Assim a ia curando daquela paixão mórbida com uma direção de todos os dias, uma destas persistências de missionário que só dá a fé sincera, pondo a sutileza dum casuísta ao serviço da moralidade de um filósofo, paternal e hábil - uma cura maravilhosa de que o bom abade em segredo tirava alguma vaidade.
E foi grande a sua alegria quando lhe pareceu que enfim z paixão por Amaro já não era na alma dela um sentimento vivo; mas estava morto, embalsamado, arrumado no fundo da sua memória como num jazigo, escondido já sob a delicada florescência duma virtude nova. Assim julgava pelo menos o bom Ferrão - vendo-a agora aludir ao passado com o olhar tranqüilo, sem aqueles rubores que outrora lhe escaldavam a face ao simples nome de Amaro.

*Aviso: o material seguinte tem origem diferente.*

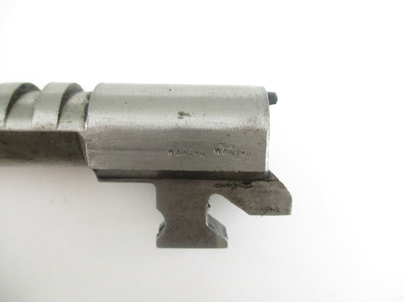 BELGIAN HI-POWER PISTOL BARREL & GRIPS , 9MM BARREL, APPROX. 5" OAL, WAA 140 MARKED, FAIR BORE, INCLUDES PLASTIC HI-POWER PISTOL GRIPS.

Ela, com efeito, já não pensava no senhor pároco com a comoção de outrora: o terror do pecado, a influência penetrante do abade, aquela brusca separação do meio devoto em que o seu amor se desenvolvera, o gozo que sentia numa serenidade maior, sem sustos noturnos e sem a inimizade de Nossa Senhora, tudo concorrera para que o fogo ruidoso daquele sentimento se fosse reduzindo a alguma brasa que ainda rebrilhava surdamente. O pároco estivera ao princípio na sua alma com o prestígio dum ídolo coberto de ouro; mas tantas vezes, desde a sua gravidez, sacudira, nas horas de terror religioso ou de arrependimento histérico, aquele ídolo, que todo o dourado lhe ficara nas mãos, e a forma trivial e escura que aparecia por baixo já a não deslumbrava; viu por isso o abade derrubar-lho inteiramente, sem chorar e sem lutar. Se ainda pensava em Amaro, é porque não podia deixar de pensar na casa do sineiro; mas o que a tentava ainda era o prazer e não o pároco.
E com a sua natureza de boa rapariga tinha um reconhecimento sincero pelo abade. Como dissera a Amaro naquela tarde, "devia-lhe tudo". Era o que sentia agora também pelo doutor Gouveia, que vinha regularmente ver a velha de dois em dois dias. Eram os seus bons amigos, como dois papás que o Céu lhe mandava - um que lhe prometia a saúde, outro a graça.
Refugiada naquelas duas proteções, gozou uma paz adorável nas últimas semanas de Outubro. Os dias iam muito serenos e muito tépidos. Era bom estar no terraço, pelas tardes, naquela serenidade outonal dos campos. O doutor Gouveia às vezes encontrava-se com o abade Ferrão; ambos se estimavam; depois da visita à velha, iam para o terraço, e começavam logo as suas eternas questões sobre Religião e sobre Moral.